За время с моего прошлого визита здесь совершенно ничего не изменилось. За столом сидел тот самый толстый тип, который дарил мне шампанское и заливался соловьем о немыслимой заботе, которой окружает его фирма каждого клиента.
– Здравствуйте! – сказал он, привстав из-за стола. – Чем я могу помочь? У вас какие-то проблемы?
– Надеюсь, что мои проблемы вы сейчас решите. И помочь вы мне очень даже можете. Деньгами.
– Не понял? – переспросил он, высоко подняв брови. – О каких деньгах вы говорите?
Похоже, у них это общая болезнь. Судя по всему, они все в этой фирме не знают, что такое деньги. В таком случае им можно только позавидовать. Они живут при коммунизме.
– О страховой выплате, – ответила я, стараясь не раздражаться, поскольку знаю по своему опыту, что раздражение только мешает благополучному решению любых проблем. – Я застраховала в вашей фирме машину. Автомобиль, если так вам понятнее. Средство передвижения на четырех колесах с мотором. Машина этой ночью сгорела. Вот мой страховой полис. В этом полисе предусмотрен такой случай, так что я хочу получить свои деньги. Вы мне совсем недавно в этом самом кабинете говорили, что в вашей фирме получение страховой выплаты занимает считаные минуты. Время пошло…

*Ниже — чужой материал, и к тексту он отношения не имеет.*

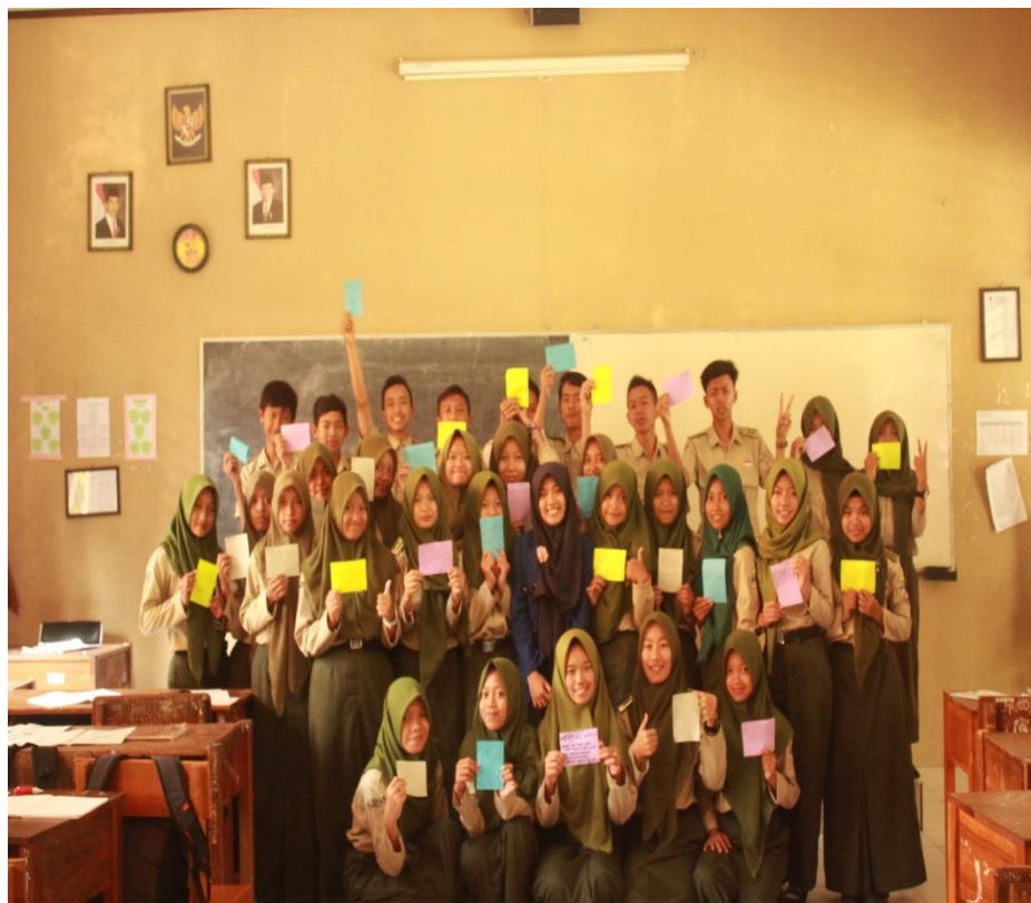
Foto bersama X IIS 3
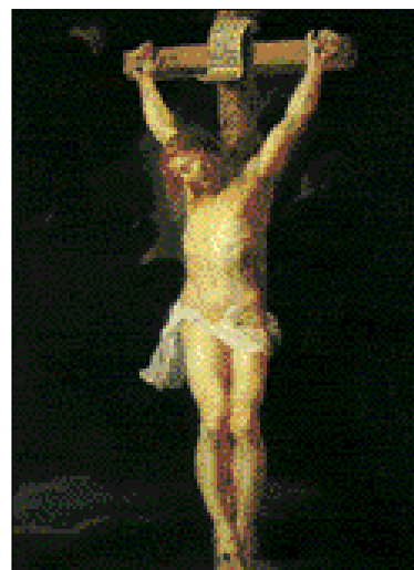
Rubens (1577 - 1640)
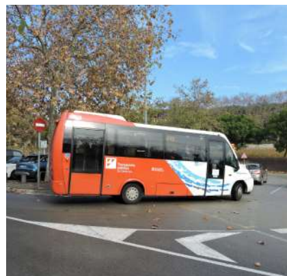
Des del 5 de setembre s'han ampliat els horaris.

També s'han modificat els horaris a les línies 690 i 646 que gestiona l'Ajuntament, amb la incorporació de noves expedicions pensades per incrementar la freqüència de pas, ampliar la cobertura nocturna del servei i facilitar
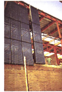
Fassadenintegrierte Photovoltaik-Anlage (53 kWp) des Mataró Bibliotheksgebäudes, Barcelona, Spanien.

Verbreitet ist das bedeutsame Potenzial der Photovoltaik zu einer nachhaltigen städtebaulichen Entwicklung (anerkannt, jedoch steht die Umsetzung erst am Anfang. Im Rahmen des europäischen Projekts «PV City Guide» werden die umsetzungs-relevanten Sachverhalte aufgegriffen. Unterschiedliche lokale Rahmenbedingungen (Struktur des Gebäudeparks, Dynamik, Traditionen, Bedarf an Neubauten und Sanierungen, Schutzauflagen, Finanzierungswesen, Netzwerke, usw.) werden immer zu lokal oder regional unterschiedlichen Lösungen führen. Der Workshop zeigt sowohl die Unterschiede wie die Gemeinsamkeiten für künftige Photovoltaik – Stadtprojekte, Anforderungen und Erfahrungen sowie übersichtliche Lösungsansätze und Entscheidungshilfen auf.
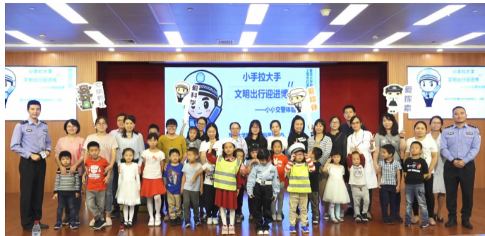
(文/党办 楼昀 团委泰怡)

个个争先恐后、跃跃欲试,有模有样做着CPR为小伙伴包扎,专业急救员还带着孩子们参观了急救车,小小急救员们难掩兴奋之情。交警总队出行专家为孩子们带来了实用又有趣的交通安全讲座,讲解了多种违章行为的危害并演示了正确做法,让孩子们印象深刻,互动环节气氛热烈,人人举手抢答。交警总队出行专家为孩子们带来了实用又有趣的交通安全讲座,讲解了多种违章行为的危害并演示了正确做法,让孩子们印象深刻,互动环节气氛热烈,人人举手抢答。交警总队出行专家为孩子们带来了实用又有趣的交通安全讲座,讲解了多种违章行为的危害并演示了正确做法,让孩子们印象深刻,互动环节气氛热烈,人人举手抢答。
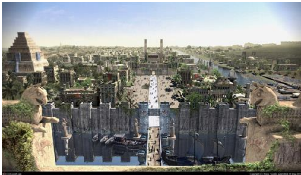
نگاره‌ای خیالی از شکوه بابل در دوران باستان
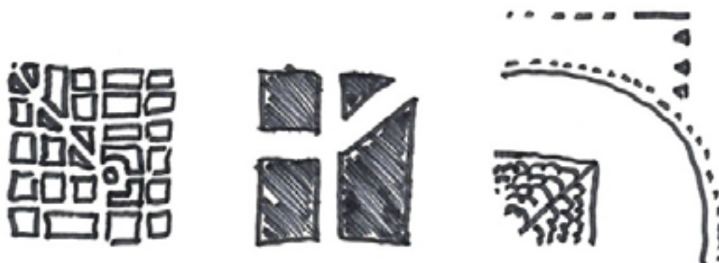
Staden i tre skalor ovanifrån: stadsmönstret, kvarteret och gatuhörnet.

Den tredelade skalan visar också staden i olika dimensioner: från marken i ögonhöjd, i mellanskala och ovanifrån. När vi zoomar mellan dessa nivåer får vi en bättre förståelse för hur staden och dess delar förhåller sig till varandra.
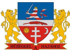
Bonyhád Maďarská republika
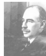
Jonh M. Keynes

No Brasil, a repercussão do “crack” da bolsa de Nova Iorque foi trágico, causando a falência de 579 fábricas devido à redução do consumo, o desemprego atingiu dois milhões de pessoas, os salários dos trabalhadores urbanos caíram em média 45% e os dos trabalhadores rurais acumularam uma queda de 53%. As medidas de restrições ao crédito e as políticas protecionistas adotadas pelos países consumidores dos produtos brasileiros, principalmente os Estados Unidos e Inglaterra, forçaram a queda do valor do principal produto da pauta de exportação brasileira, o café, que teve seu preço reduzido da saca de 200 mil reis, em 1929, para 21 mil reis, em 1930. (REZENDE, 1999).
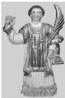
Mahasti Zainen patroina 2011
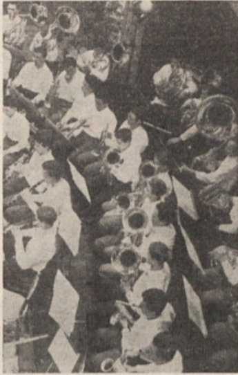
Mladinska godba na pihala

bi. Zaradi izrabljene vodovodne instalacije so potrebna stalna popravila. Še huje je z ogrevanjem. Dimniki niso prilagojeni kapaciteti številnih peči, zato nam često dimijo, peči ne

Он смотрел на меня с нескрываемой обидой, как школьник, которого поймали за списыванием. Наконец его лицо прояснилось, и он протянул руку:
– Покажите, пожалуйста, ваш полис!
Я положила полис на стол.
Страховщик уставился на документ с таким удивленным видом, как будто он был составлен на незнакомом языке – к примеру, на норвежском или, наоборот, на языке аборигенов острова Бора-Бора.
Полюбовавшись несколько минут страховым полисом, толстяк поднял на меня незамутненный взгляд и проговорил:
– Но позвольте, этот полис выдала вам страховая компания «Вест-Страх»!
– Ну да, – кивнула я, ничего не понимая. – Конечно.
– Но вы сейчас обратились в компанию «Страх-Инвест»!
– Что? – Я тряхнула головой, как после купания, чтобы осознать его слова. – Какая компания?
– «Страх-Инвест»! – повторил он медленно и внятно, как будто я была глухой или слабоумной, и показал на свой бейдж. На пластиковом прямоугольнике было черным по белому напечатано:
«Частная страховая компания «Страх-Инвест». А. А. Башковитый, начальник отделения».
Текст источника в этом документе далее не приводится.